The depiction of Pompeii—a recurring symbol for decadence and ruin—and the presence of Spengler in the picture have made critics interpret Late Visitors to Pompeii as a fatalistic comment about Western culture in decline. Writing for the Elsevier's Geïllustreerd Maandschrift in 1937, S. P. Abas said the painting displays Willink's complexity better than any of his other paintings. Abas said the painting uses charm and humour to comment on nature and civilisation and portray a moment where time and space have become unstable.

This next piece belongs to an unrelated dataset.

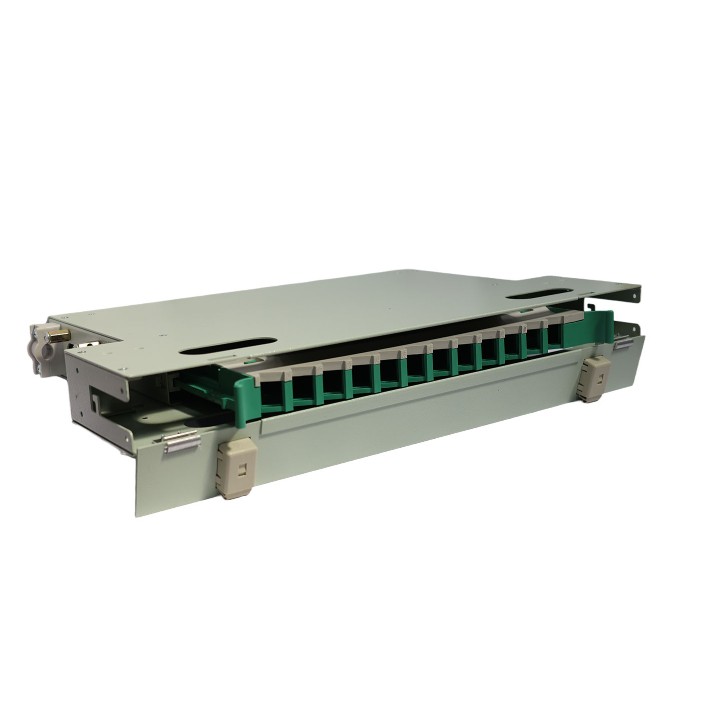Organizador de fibra óptica utilizado en redes de distribución. Configurable con 12 adaptadores...

The literary scholar Mathijs Sanders wrote in 2005 that Spengler's cyclical view of history, where every culture is born, blooms, decays and falls, is represented by the combination of Imperial Roman ruins and modern men in the same picture.

Beginning with Victor Varangot in 1947, several critics have associated Late Visitors to Pompeii with works by the writer Ferdinand Bordewijk, who openly based two of his stories on the Willink paintings The Yellow House and Château en Espagne. Varangot wrote that a theme of life and death expressed through the juxtaposition of two time periods in Late Visitors to Pompeii had influence on Bordewijk. Varangot and Sanders wrote that the painting's volcano can be viewed as a symbol for both destruction and regeneration, which Varangot connected to Bordewijk's Heraclitean worldview. Sanders argues that Late Visitors to Pompeii gave direct inspiration to Bordewijk's short story "Sodom; moraliteit van deze eeuw" (lit. 'Sodom; morality of this century'), published in the collection De wingerdrank (1937). Sanders writes that both Late Visitors to Pompeii and "Sodom" express a belief that Western civilisation is in crisis, anchored in the cultural philosophy of Spengler's The Decline of the West.